Following the ethical guidelines for human research of the Ministry of Health, Labour and Welfare in Japan, IRB approval was not required for the case report. Furthermore, we have obtained consent by general consent from the patients or their surrogates at the time of admission.
DISCUSSION
This is, to the best of our knowledge, the first reported case that showed an improvement in oxygenation after being administered morphine for relieving dyspnoea from COVID-19.
Morphine or other opioids are commonly prescribed to relieve dyspnoea in severe COVID-19 cases.[4-8,13] However, we observed not only an improvement in dyspnoea but also in hypoxaemia after administering morphine in the present case. Several hypotheses could explain this phenomenon. The previous study showed that opioids may reduce respiratory workload and myocardial oxygen consumption in patients with tachypnoea.[14] This reduction may improve hypoxaemia by reducing metabolic rate and oxygen demand in the respiratory and cardiac systems. Another hypothesis might be that improving ventilation efficiency affects a reduction in the proportion of dead space ventilation. Low lung compliance in severe COVID-19 patients has been described.[15] An increased breathing frequency may augment dead space ventilation/alveolar ventilation ratio in subjects with lung constraints.[16] In our present case, the respiratory rate was normalised from tachypnoea after morphine administration. The improvement of his rapid shallow breathing may have decreased dead space ventilation/ alveolar ventilation ratio and improved ventilation efficiency by increasing tidal volume, which resulted in improved oxygenation.[17]
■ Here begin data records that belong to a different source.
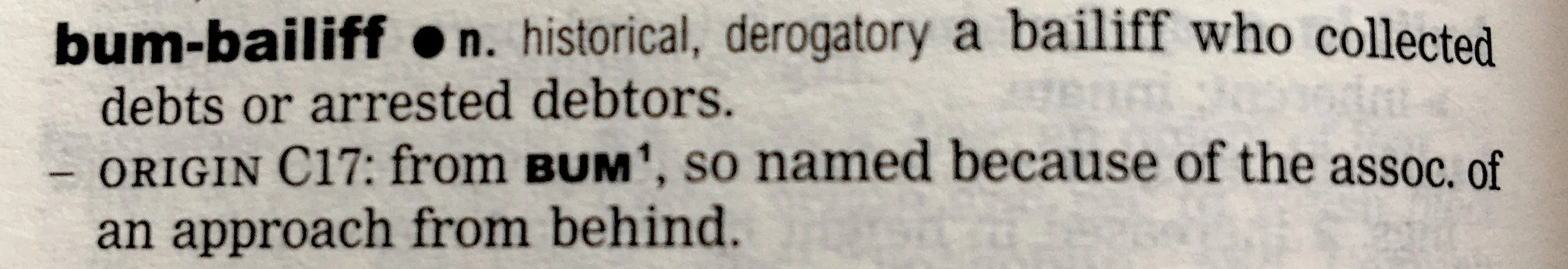 bum-bailiff, noun, historical, derogatory: a bailiff who collected debts or arrested debtors. Origin 17th century from bum, so named because of the association of an approach from behind.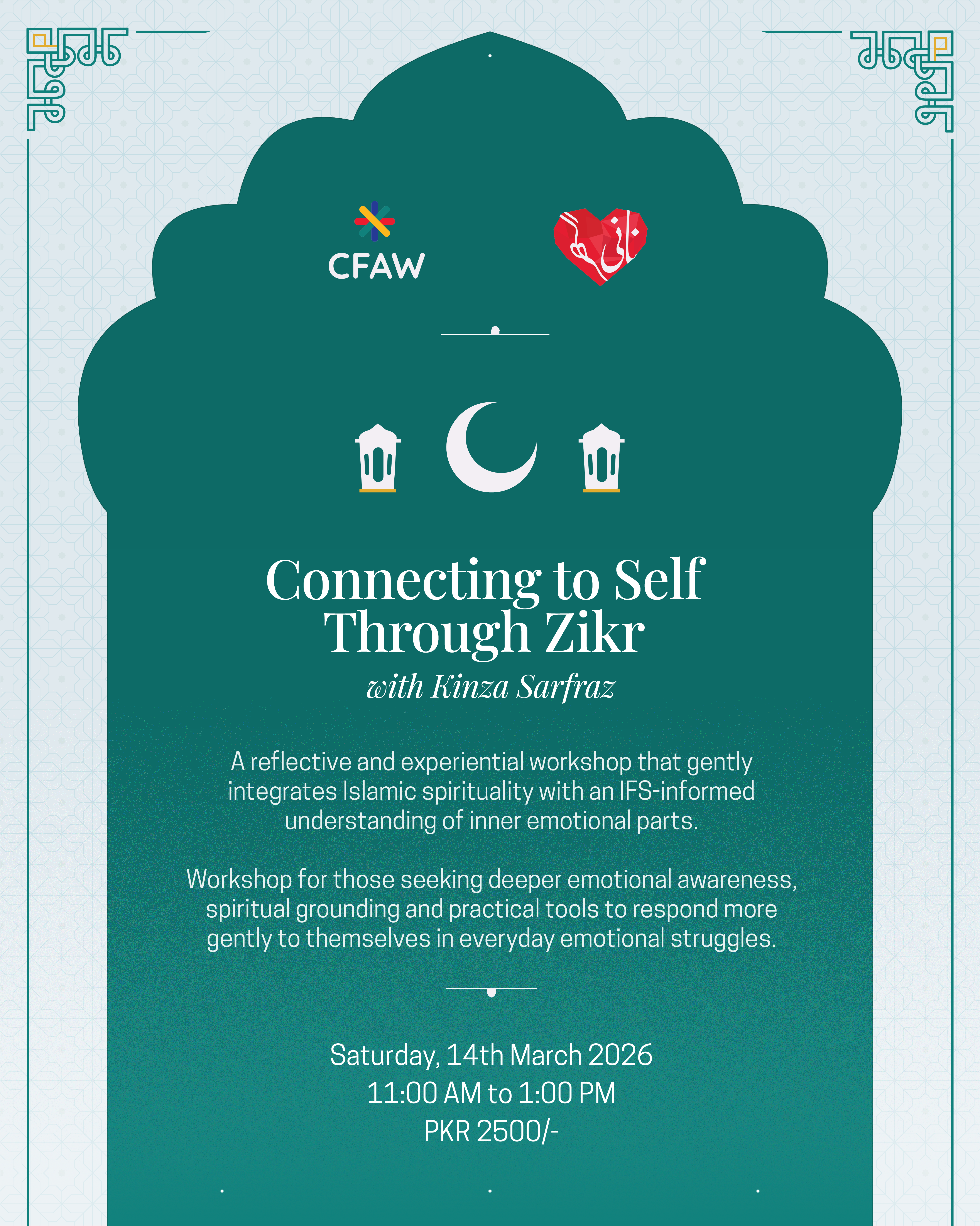 A reflective and experiential workshop that gently integrates Islamic spirituality with an IFS-informed understanding of inner emotional parts. We will be guided to notice the different emotional states within themselves such as shame, fear, anger, sadness or exhaustion and learn how to relate to these parts with compassion, rather than judgment or avoidance.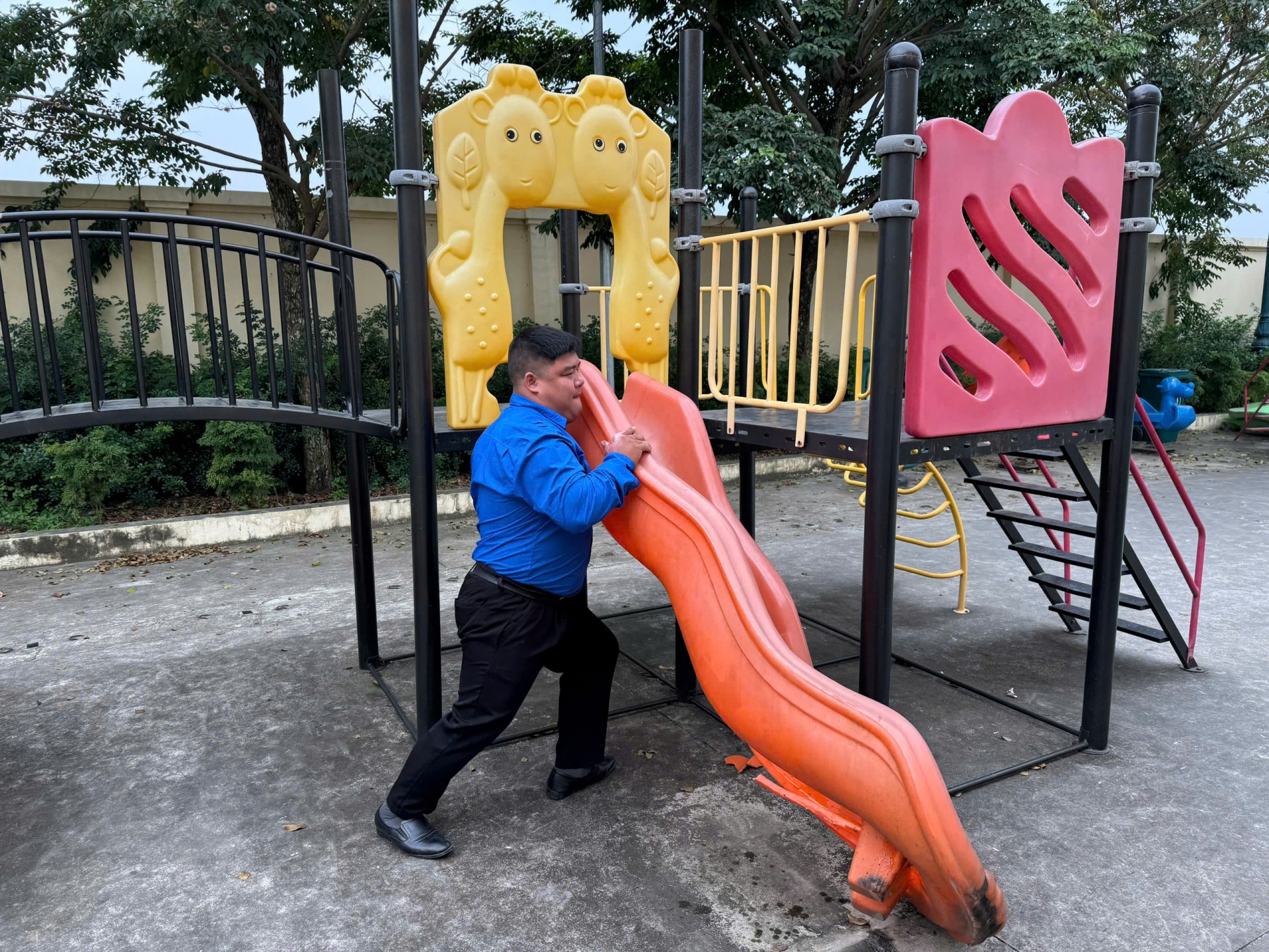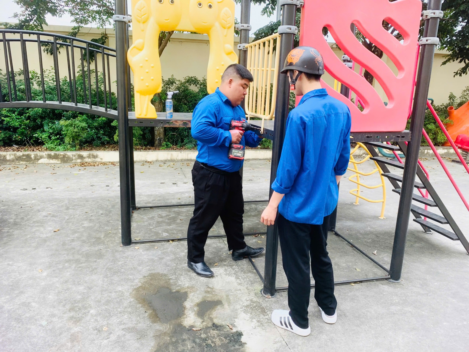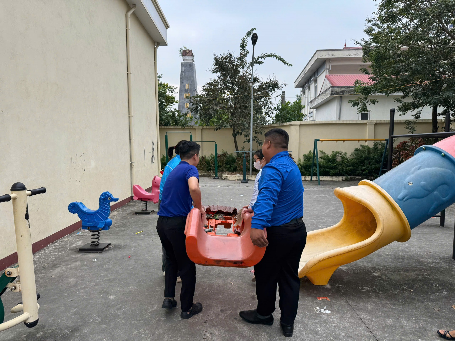 • Vệ sinh và cải tạo cảnh quan: Phát quang bụi rậm, thu gom rác thải, tạo mảng xanh xung quanh khu vực vui chơi.
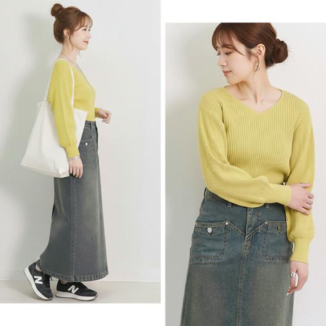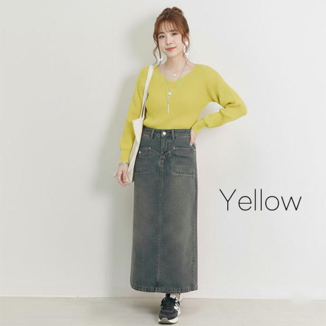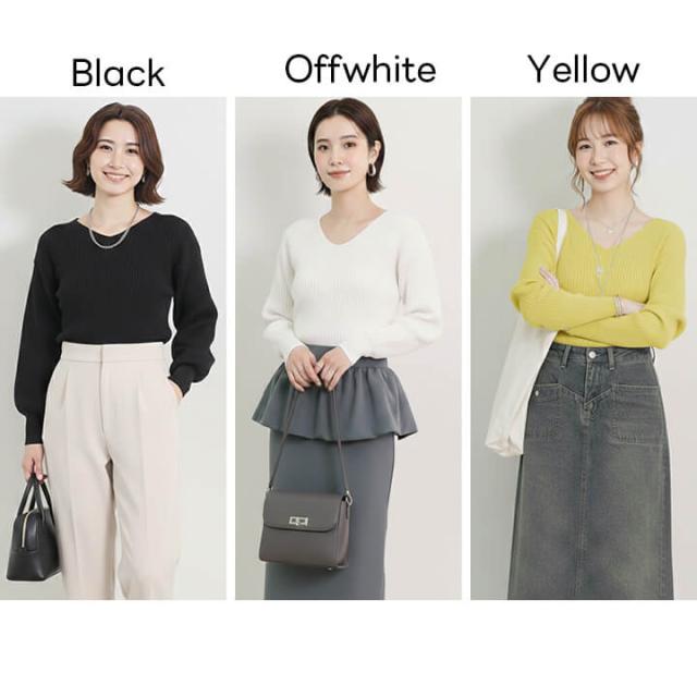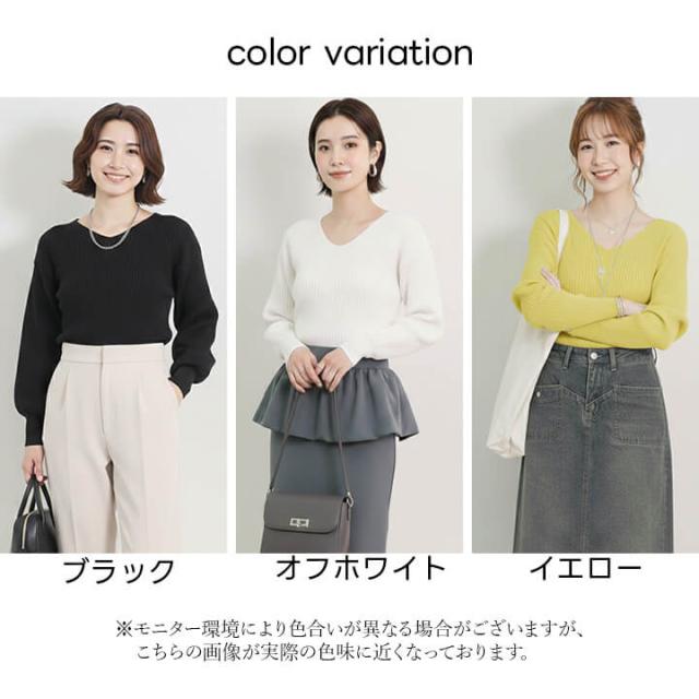 ■取扱商品の特徴: トップス カジュアル レディース リブニット ミドル丈 春 秋 冬 季節感 長袖 体型カバー ゆったり デイリー オフィス 大人 上品 シンプル ラフ Vネック リブ ストレスフリー 女性 可愛い 着回し 柔らか 快適 コーデ ふんわり フェミニン きれいめ こなれ感 二の腕カバー 抜け感 コットンリブ ニットプルオーバー 綿100% 20代 30代 40代 50代 10代 60代 ブラック オフホワイト イエロー 黒 白 乳白色 黄 F フリーサイズ ul25107001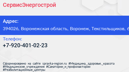 СервисЭнергострой по адресу 394026, Воронежская область, Воронеж, Текстильщиков, 6 в дальнейшем Организация, размещена в следующих категориях: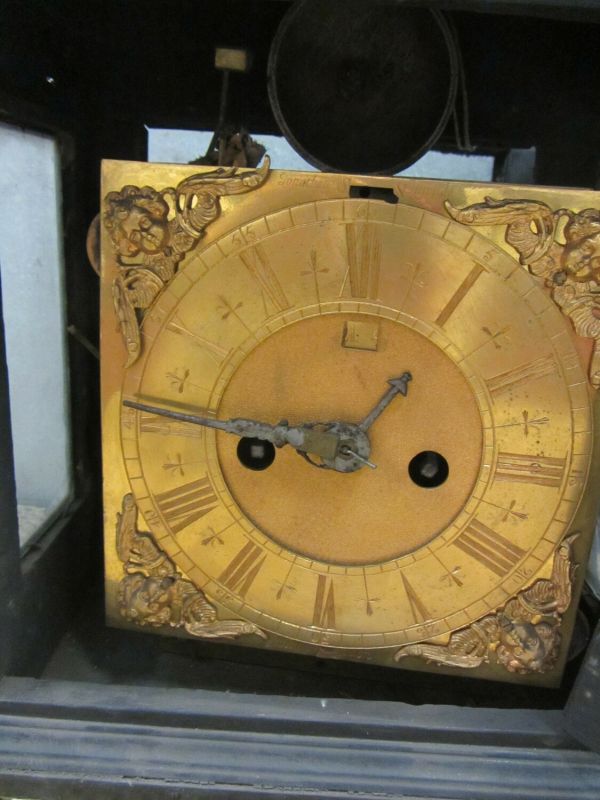 Forme carrée, poignée cuivre. Cadran cuivre gravé, ciselé et doré. Cage rectangulaire en bois noir, vitrée sur 4 faces. Dessus en coupole rectangulaire. Jonthan gravé sur la face du cadran. Lorunds - In Pall - Mal London. Mouvement ancien à transmission cordes.
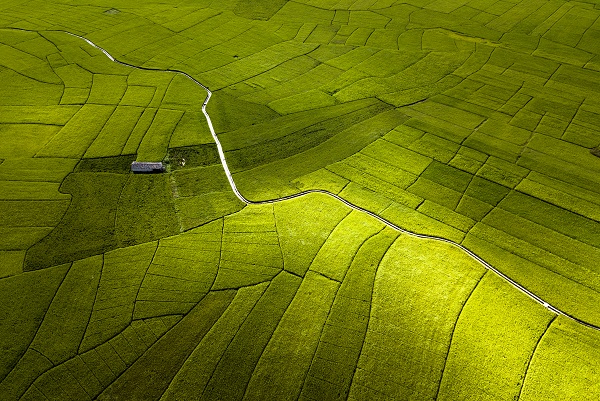 一場夏雨過后,田里新插的秧苗,一個勁地趕著長高長旺,漸漸豐滿,密密實實的翠綠逐漸覆蓋了阡陌縱橫的水田,在希望的田野里努力織造一片片生機勃勃的“綠毯”。(何成江 攝)
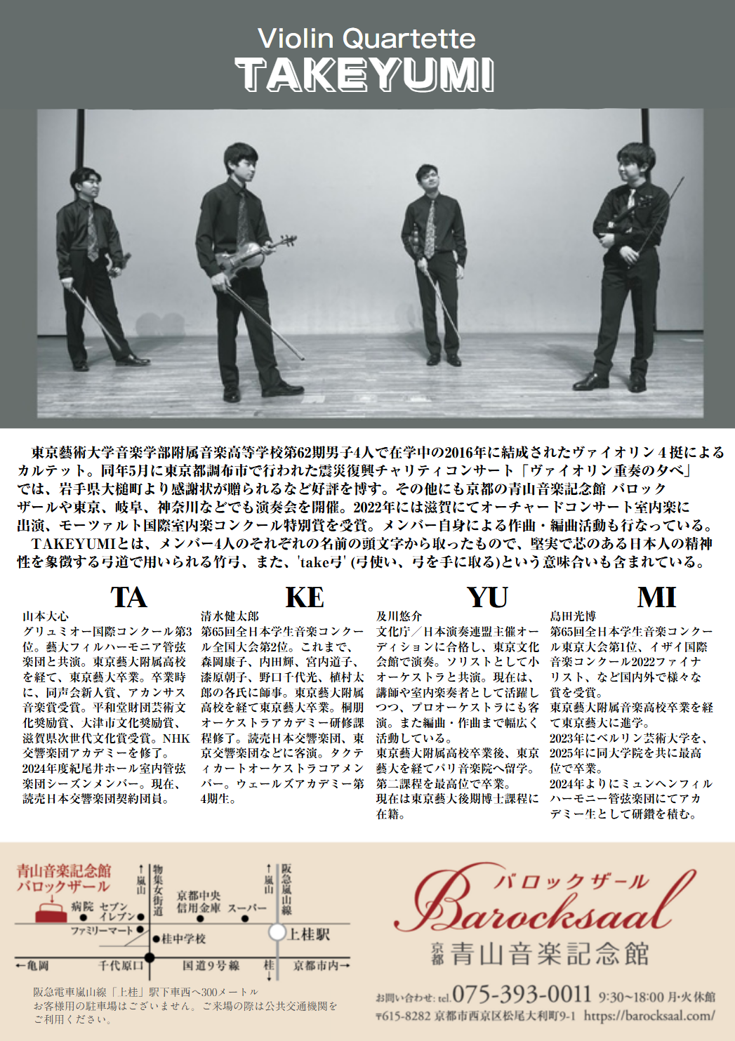 「TAKEYUMI」は2016年に結成され、今年9年目を迎える。東京芸大附属高校62期ヴァイオリン専攻の男子4人で活動をしている。これまでに東京・埼玉・神奈川・京都・岐阜・滋賀などで演奏を行ってきた。モーツァルト国際室内楽コンクールで特別賞を受賞している。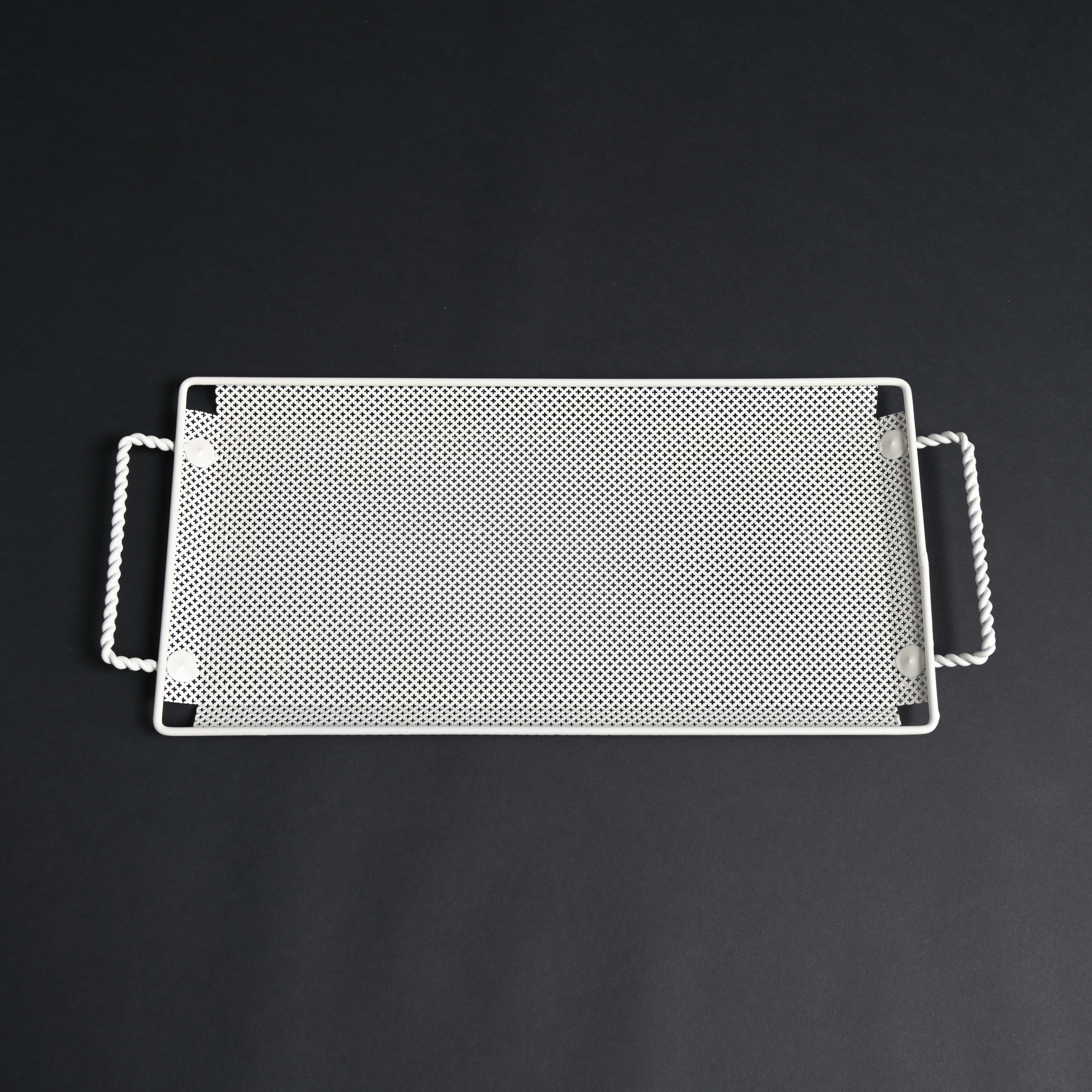 This white metal tray was designed by Mathieu Matégot in the 1950s.

Apart from relieving dyspnoea and possibly improving oxygenation in particular cases, there are other potential benefits of using opioids for dyspnoea in severe COVID-19 patients.
Patient self-induced lung injury is recognised as the underlying pathophysiology of acute respiratory distress syndrome in COVID-19.[2,18,19] Dyspnoea may stimulate inspiratory drive in spontaneously breathing patients. The vigorous inspiratory effort promotes increased inspiratory intrathoracic negative pressure, which together with an increased permeability due to lung inflammation contributes to the development of lung edema.[20] Thus, relieving dyspnoea in the early phase of COVID-19 may suppress an excess inspiratory drive, which may help prevent a worsening of lung damage in COVID-19 patients.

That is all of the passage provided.